The November Note may be repaid in whole or in part prior to the maturity date for a 10% premium. The November Note requires the Company to use up to 20% of the gross proceeds raised from future equity or debt financings, or the sale of any subsidiary or material asset, to prepay the November Note, subject to a $2,000 cap on the aggregate prepayment amount. Until all obligations under the November Note have been paid in full, the Company is not permitted to grant a security interest in any of its assets, or to issue securities convertible into shares of common stock, subject in each case to certain exceptions. verbMarketplace, LLC entered into a guaranty, dated November 7, 2022, in connection with the November Note Offering, pursuant to which it guaranteed the obligations of the Company under the November Note in exchange for receiving a portion of the loan proceeds.

     
    In connection with the November Note Offering, the Company incurred $335 of debt issuance costs. The debt issuance costs and the debt discount of $450 are being amortized over the term of the November Notes using the effective interest rate method. As of December 31, 2022, the amount of unamortized debt discount and debt issuance costs was $402 and $299, respectively. During the six months ended June 30, 2023, the Company paid $375 in cash and $300 in shares; amortized $156 of debt discount and $116 of debt issuance costs. As of June 30, 2023, the amount of unamortized debt discount and debt issuance costs was $246 and $183, respectively.
     
    On May 16, 2023, the Company received a redemption notice under the terms of the November Note Purchase Agreement for $300. The Company missed two payments resulting in a Payment Failure Balance Increase of 10% on the outstanding principal balance per occurrence pursuant to the terms of the agreement totaling $1,205. These costs have been recorded as finance costs in the Company’s condensed consolidated statement of operations for the three and six months ended June 30, 2023.
     
    As of June 30, 2023 and December 31, 2022, the outstanding balance of the November Notes amounted to $6,375 and $5,544, respectively. See Note 14 for Subsequent Events.

 

The following table provides a breakdown of interest expense for the periods presented:

 

    2023     2022  
    Three Months Ended June 30,  
    2023     2022  
             
Interest expense – amortization of debt discount   $ 77     $ 98  
Interest expense – amortization of debt issuance costs     57       151  
Interest expense – other     165       119  
                 
Total interest expense   $ 299     $ 368  

 

Total interest expense for notes payable to related parties (see Notes A and B above) was $23 and $23 for the three months ended June 30, 2023 and 2022, respectively.
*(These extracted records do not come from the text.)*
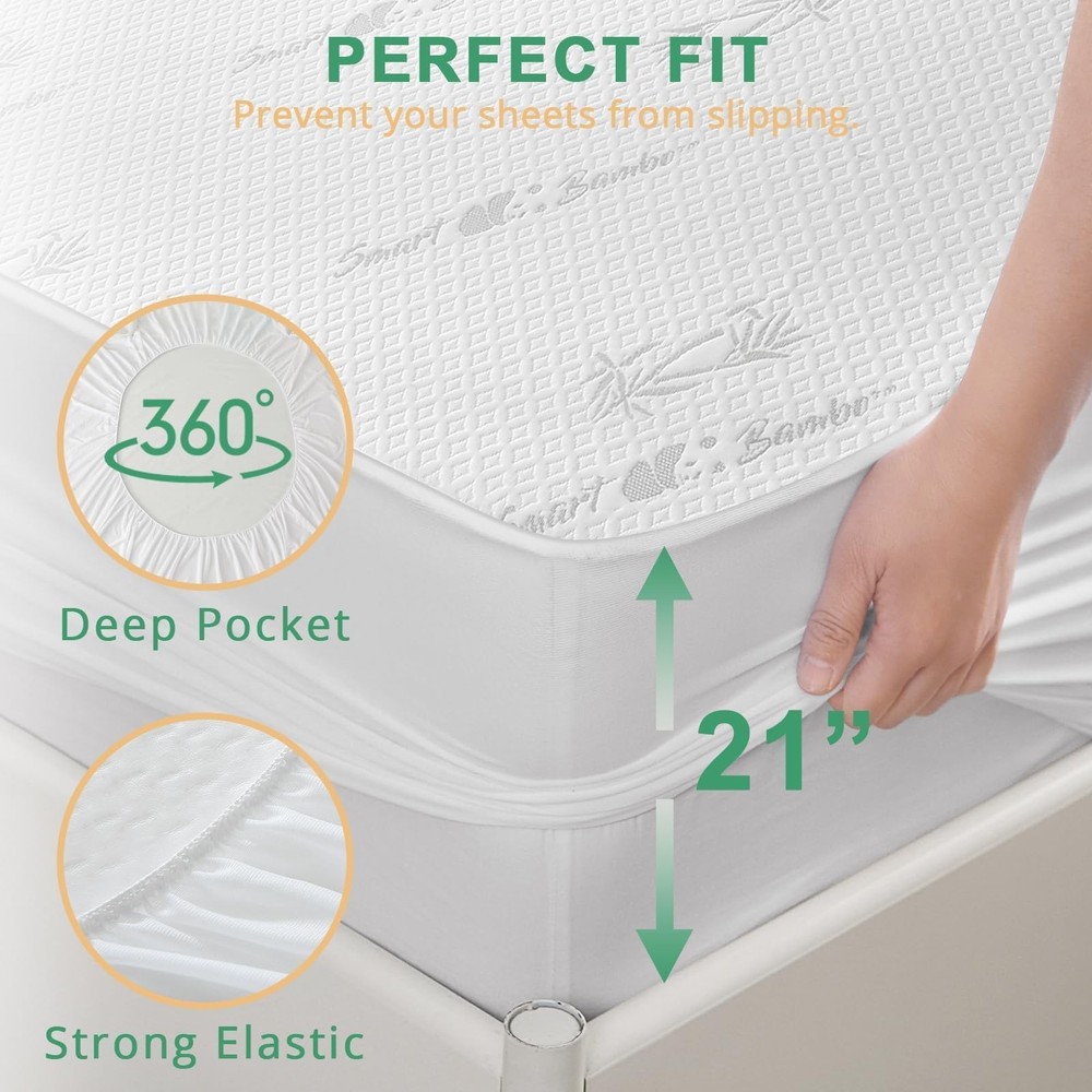 This mattress protector is a game-changer! The bamboo-infused fabric feels incredibly soft and keeps you cool all night, while the waterproof TPU backing is a lifesaver against spills and accidents. The fitted skirt stays perfectly in place—no more waking up to a bunched-up protector. It’s breathable, odor-resistant, and doesn’t make that annoying crinkly sound. So comfortable I forgot it was even there! Highly recommend for anyone who wants to protect their mattress without sacrificing comfort.
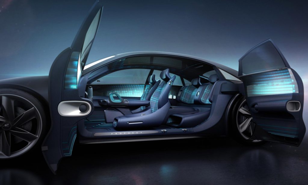 ezek a márkák is az aerodinamikának rendelik alá az autójuk alakját. A Prophecy belső tere már jóval inkább futurisztikus, még kormánykerék sincs benne, és nemcsak azért, mert önvezető lenne: az irányítást két joystickkel oldották meg.
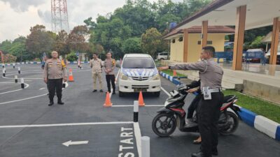 LIHAT : Kapolres Prabumulih, AKBP Witdiardi SIk MH melihat langsung masyarakat ujian praktek SIM C…
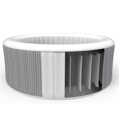 Nagyméretű felfújható jakuzzi 4-6 főre, elegáns szürke rattan mintás burkolattal.
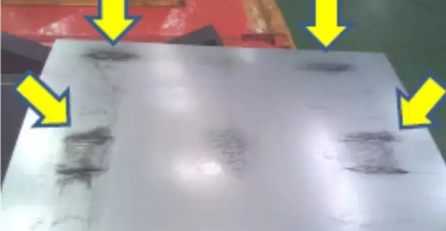 摩擦黑斑:是一種“產生原因+典型形貌”的命名方式,本質上是薄板產品層與層之間發(fā)生位移造成的磨損。
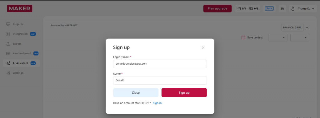 Для того чтобы начать в MAKER использовать ИИ ассистент, нужно перейти в специальный раздел меню и подключить его:
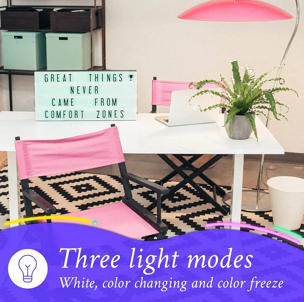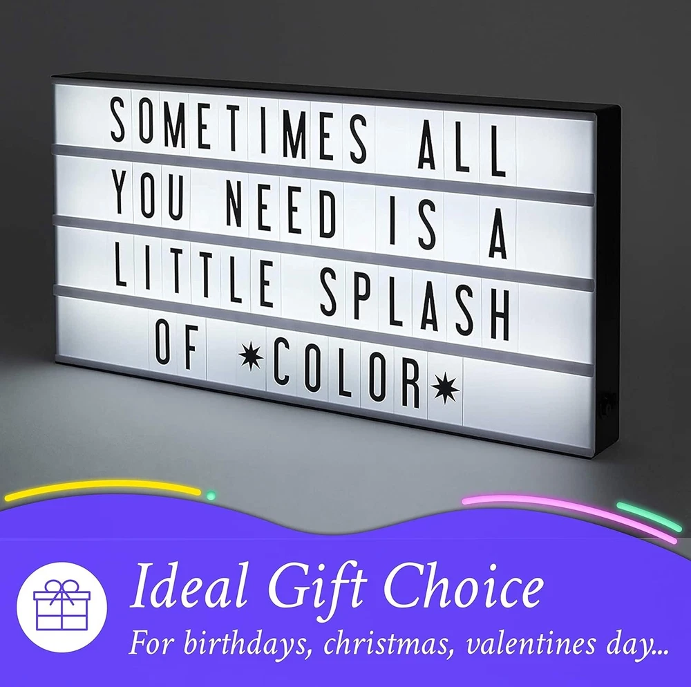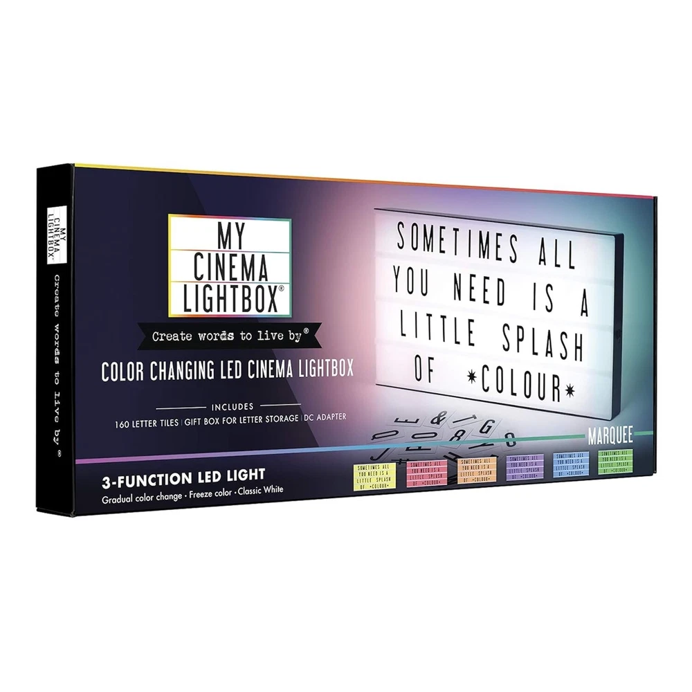 XXL Cinema Light Box, 24" x 12" - 3 Modes Light Up Letter Board Sign with 160 Letters, Numbers and Sign - White LED Light, RGB and Color Freeze Mode Light up Signs for Wall Decor is the original product of LED marquee light boxes. This light box with letters allows you to slide the letters into the front rails to create messages, quotes, and announcements. The Color-Changing Marquee light box is XXL in size: 24 x 12 it fits 17 letters across each row. An amazing cinematic lighted letterbox with changeable words the perfect light for party or vintage. Message board includes 160 letters, numbers, and symbol tiles, plus a letter storage box. The letter size is A4 (extra letter packs are available) and it fits the Original size . With 3 different modes: classic white, gradual color-changing, and freeze on any color. These High quality LEDs provide consistent light output with no spotting or dimming the LED light box sign. The lightboard comes with a battery power option (6xAA not included) or a DC power option (9v DC adapter included). With built in hanging holes and weights at 4lbs, an ideal gift for your loved ones
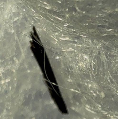 Found on fibrous material (possibly a dryer sheet, web, or dust bunny)

The Company paid $0 and $0 in interest to related parties for the three months ended June 30, 2023 and 2022, respectively.

 

 

The following table provides a breakdown of interest expense for the periods presented:

 

    2023     2022  
    Six Months Ended June 30,  
    2023     2022  
             
Interest expense – amortization of debt discount   $ 163     $ 171  
Interest expense – amortization of debt issuance costs     127       264  
Interest expense – other     480       226  
                 
Total interest expense   $ 770     $ 661  

 

Total interest expense for notes payable to related parties (see Notes A and B above) was $46 and $46 for the six months ended June 30, 2023 and 2022, respectively. The Company paid $0 and $0 in interest to related parties for the six months ended June 30, 2023 and 2022, respectively.